Ramon relies on Japanese artifacts (top) and bursts of red to liven up his boxy Tokyo apartment

"From loving antique European, farmer-type furniture, I found myself getting nostalgic over weathered Japanese artifacts," Ramon says. "I like to collect boxes, though I'm not sure why the fascination. I like their sizes, shapes and variations, especially medicine boxes, suitcases and tansu. My favorite piece is a sushi box that I turned into a coffee table by adding castors. I also collect red things, like wooden lacquer plates or artwork with red in it.

"The other thing I find myself doing is collecting statues, masks and quirky figurines. I was told by an interior designer that it's like having lots of people in the room, so it gives the room a happy, personable atmosphere. However, my Japanese friends think it's a little strange; they believe the soul of the owner resides in these objects so they get a little spooked. While my room can look Japanese, I guess I tend to use items the Japanese do not."

 

Blank slate
Unlike reviving a dark disaster, Samantha had the reverse problem when moving into her brand-new apartment in Tokyo. Coming from the United Kingdom, Samantha was used to old, converted buildings with a real sense of history. In Tokyo she entered a white, minimal high-rise she describes as a "blank canvas with no real character." So for Samantha, decorating took on an entirely different emphasis.

She says, "In Japan, I have to bring in character from the outside to create a living space that embraces both old and new. I like the feeling of giving something old a new home and hopefully passing it on to the next generation. So I love to collect scrolls, lacquerware, ceramics, ink stones, brushes, old calligraphy, obi and kimono, photography, even garden accessories like stone lanterns. Since living in Japan, I look at things in a very different way and I really enjoy creating a space that balances uncluttered contemporary with old and interesting."

Samantha says the only thing she hates about her home now is the fact she will have to leave it one day.

 

Samuel Thawley also leans toward rich reds and mixing classic and contemporary designs
Samantha looks for “old and interesting” items to contrast with her minimalist space

Color finds
When Samuel Thawley and his fiancé came to Tokyo, they were faced with another common ailment in the expatriate community. Namely, furniture provided by the company in a style not their own. Decorating their home required making the most of the existing furniture, stamping their space with their own style and satisfying their desire to capture a contemporary Japanese aesthetic.
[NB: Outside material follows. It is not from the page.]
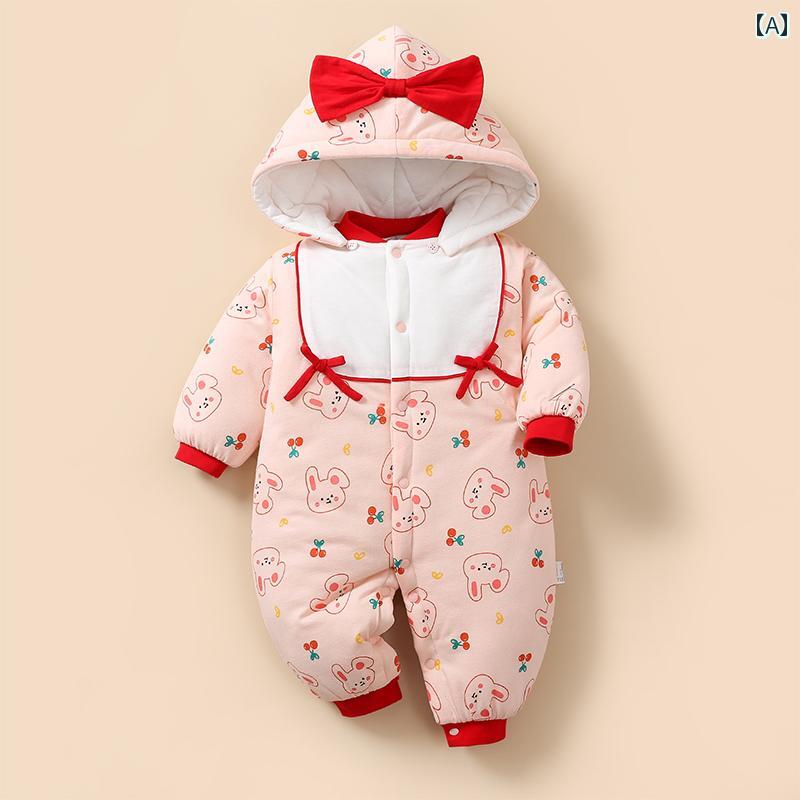 ジャケット ロンパース かわいい 冬 女 赤ちゃん ジャンプ スーツ 厚い 綿 キルティング 暖かい 新生児 パッド入り リトル プリンセス 冬服
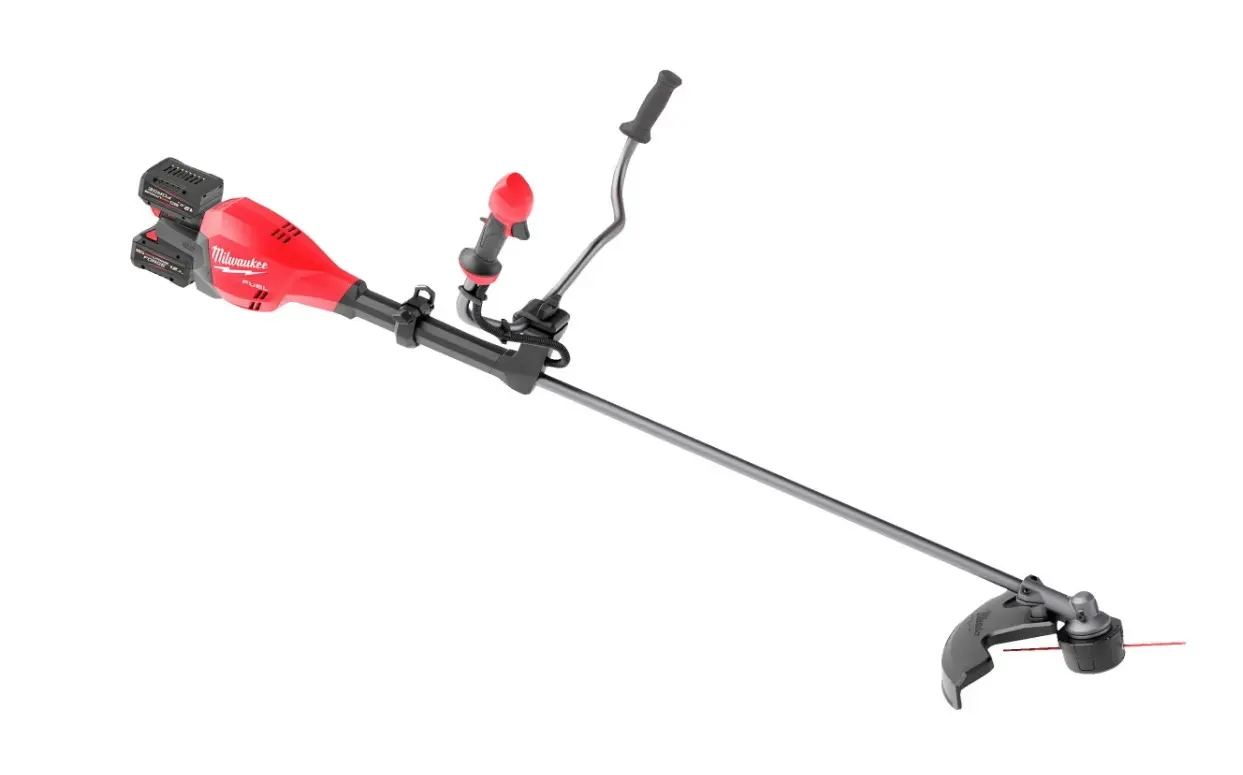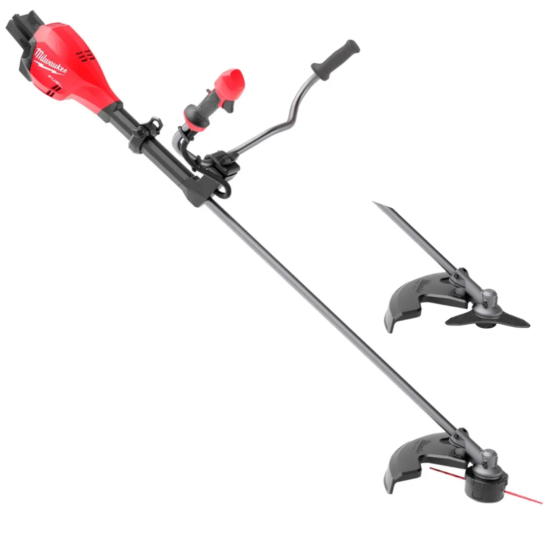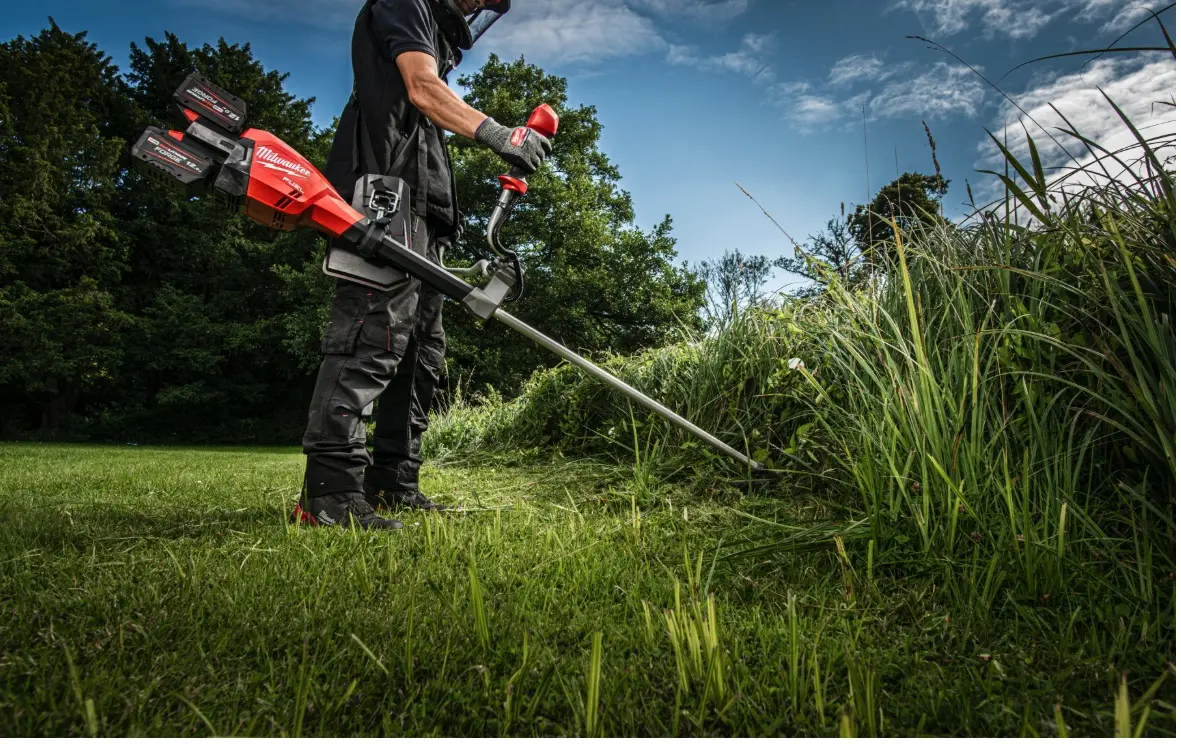 Akumulátorová strunová sekačka na trávu Milwaukee M18 F2BCU-0. Zahradní nářadí s vyměnitelným nástavcem: strunový vyžínač / 3-břitý křovinořez, záběr struny 38-43 cm, vyměnitelná žací struna o průměru 2 mm, vyměnitelný žací tříbřitý nůž se záběrem 26

The couple love portrait paintings, their red couch and strong graphic shapes in a room. So it wasn't long before rugs, lamps and shapely lacquerware were added to the mix. They too enjoy rich reds, together with a hint of black and the warmth of wood. And like Samantha and Ramon, they like nothing more than mixing contemporary and classic styles with flea-market finds.

Curious, we asked our residents their favorite places for products to line their "nest" and remarkably their answers were almost identical. All three frequent contemporary stores like Cibone Aoyama or Living Motif in Roppongi, then for all things rustic or Japanese they go to Togo flea market, Oedo Antique market, Michael's in Azabu-Juban and Otsu or Bonvoyage store in Meguro.

If you are experiencing expatriate life for the first time or the "umpteenth" time, no doubt you have taken a different approach to living in the big city. And like our three residents here, the best part about these experiences is that they lead you to exciting new discoveries, helping you shape a "global" home that is truly unique and memorable.